◆ **Task item**
For the entries below, copy exactly the line that contains "Το ρήγμα, που" through the line that contains "Mobile da bagno", both ends included, and exclude all pictures.

◆ **Material to process**
· · · ·
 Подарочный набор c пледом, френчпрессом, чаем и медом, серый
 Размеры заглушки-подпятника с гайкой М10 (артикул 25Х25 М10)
· · · ·
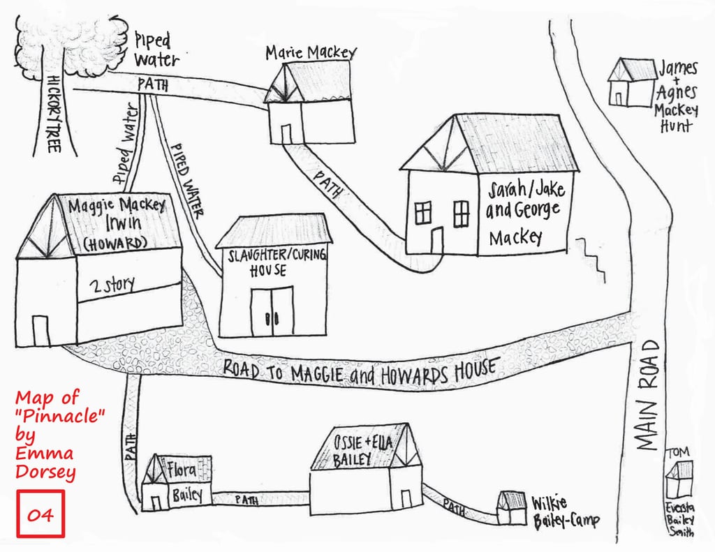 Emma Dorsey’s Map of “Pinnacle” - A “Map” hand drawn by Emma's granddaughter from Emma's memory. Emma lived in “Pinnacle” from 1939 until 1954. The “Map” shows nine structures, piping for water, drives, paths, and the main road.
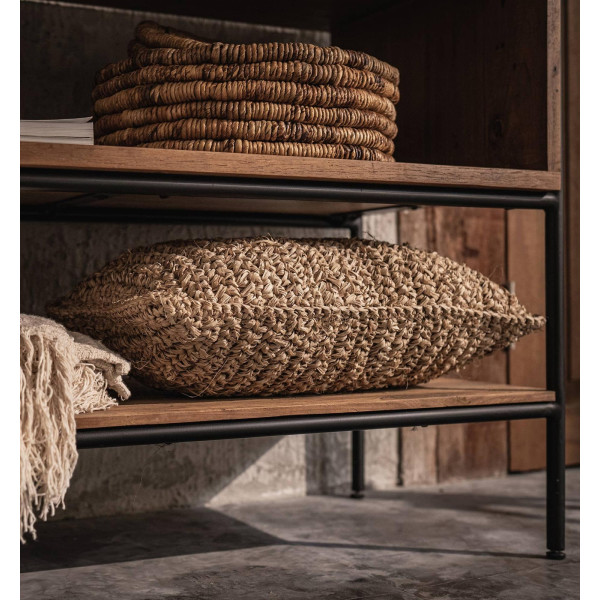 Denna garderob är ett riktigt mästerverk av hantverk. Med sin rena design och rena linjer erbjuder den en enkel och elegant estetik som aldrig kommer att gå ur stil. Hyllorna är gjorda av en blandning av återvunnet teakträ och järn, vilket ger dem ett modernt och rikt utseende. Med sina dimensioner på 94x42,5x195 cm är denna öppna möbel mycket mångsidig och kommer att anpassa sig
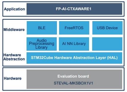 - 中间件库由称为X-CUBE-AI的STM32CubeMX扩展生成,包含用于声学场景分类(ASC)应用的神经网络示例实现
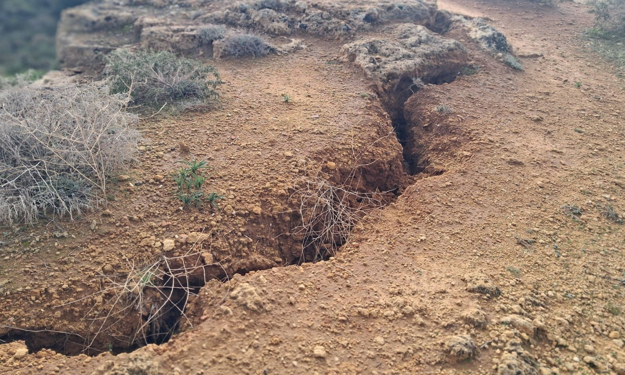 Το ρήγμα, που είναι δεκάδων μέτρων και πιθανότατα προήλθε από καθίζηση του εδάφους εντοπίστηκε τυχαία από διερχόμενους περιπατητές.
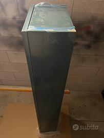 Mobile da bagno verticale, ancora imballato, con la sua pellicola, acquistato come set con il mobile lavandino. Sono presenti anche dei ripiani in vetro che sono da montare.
· · · ·
◆ **Solution to this exercise**
 Το ρήγμα, που είναι δεκάδων μέτρων και πιθανότατα προήλθε από καθίζηση του εδάφους εντοπίστηκε τυχαία από διερχόμενους περιπατητές.
 Mobile da bagno verticale, ancora imballato, con la sua pellicola, acquistato come set con il mobile lavandino. Sono presenti anche dei ripiani in vetro che sono da montare.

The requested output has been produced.